From the records that follow, return exactly the lines beginning at the one that contains "A charming circular" and ending at the one that contains "9-я минута. На", pictures left out.

Information provided:
- - - -

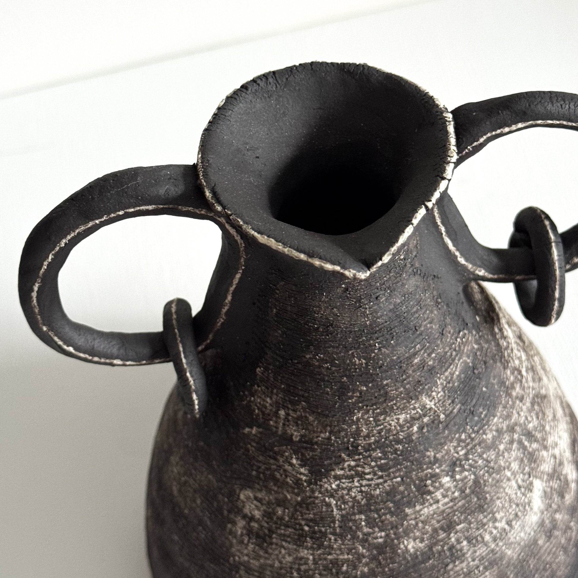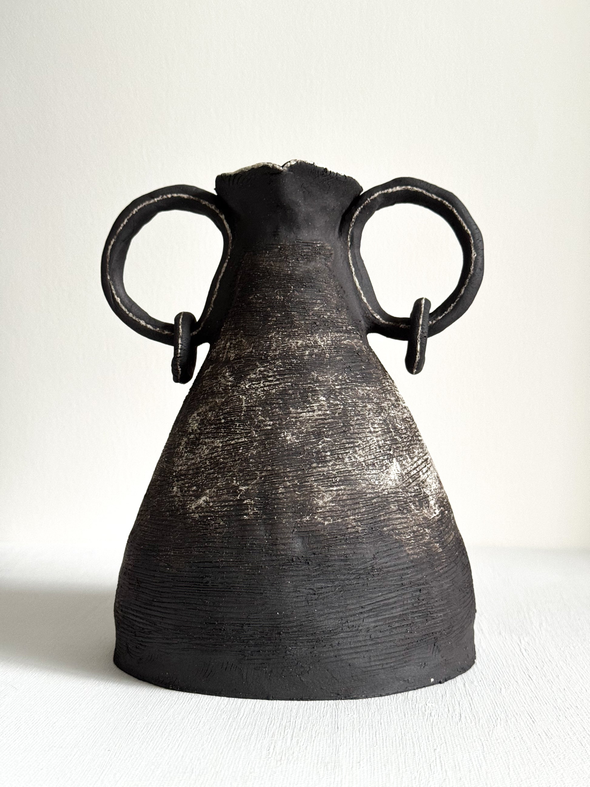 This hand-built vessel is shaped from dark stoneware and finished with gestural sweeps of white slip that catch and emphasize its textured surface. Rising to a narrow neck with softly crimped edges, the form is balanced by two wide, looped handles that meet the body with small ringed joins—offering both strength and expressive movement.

- - - -

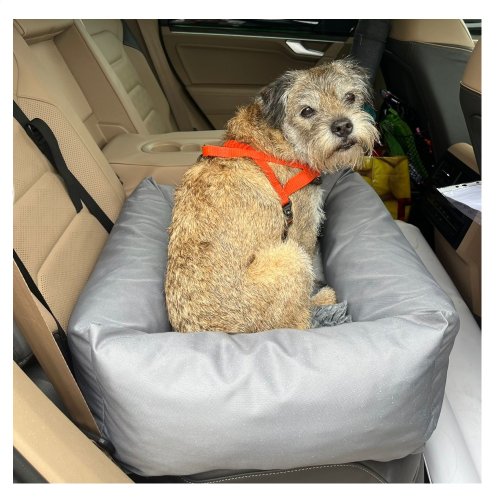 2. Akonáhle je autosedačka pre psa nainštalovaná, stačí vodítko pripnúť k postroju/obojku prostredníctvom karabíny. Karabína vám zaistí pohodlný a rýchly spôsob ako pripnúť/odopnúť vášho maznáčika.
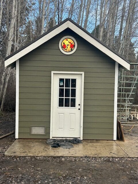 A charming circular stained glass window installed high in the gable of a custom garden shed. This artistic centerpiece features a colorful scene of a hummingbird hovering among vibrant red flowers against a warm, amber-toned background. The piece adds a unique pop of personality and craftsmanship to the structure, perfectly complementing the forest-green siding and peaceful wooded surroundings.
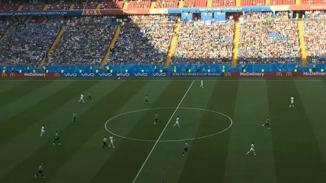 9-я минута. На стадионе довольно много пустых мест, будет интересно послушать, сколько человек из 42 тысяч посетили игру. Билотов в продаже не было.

- - - -

Exercise response:
 A charming circular stained glass window installed high in the gable of a custom garden shed. This artistic centerpiece features a colorful scene of a hummingbird hovering among vibrant red flowers against a warm, amber-toned background. The piece adds a unique pop of personality and craftsmanship to the structure, perfectly complementing the forest-green siding and peaceful wooded surroundings.
 9-я минута. На стадионе довольно много пустых мест, будет интересно послушать, сколько человек из 42 тысяч посетили игру. Билотов в продаже не было.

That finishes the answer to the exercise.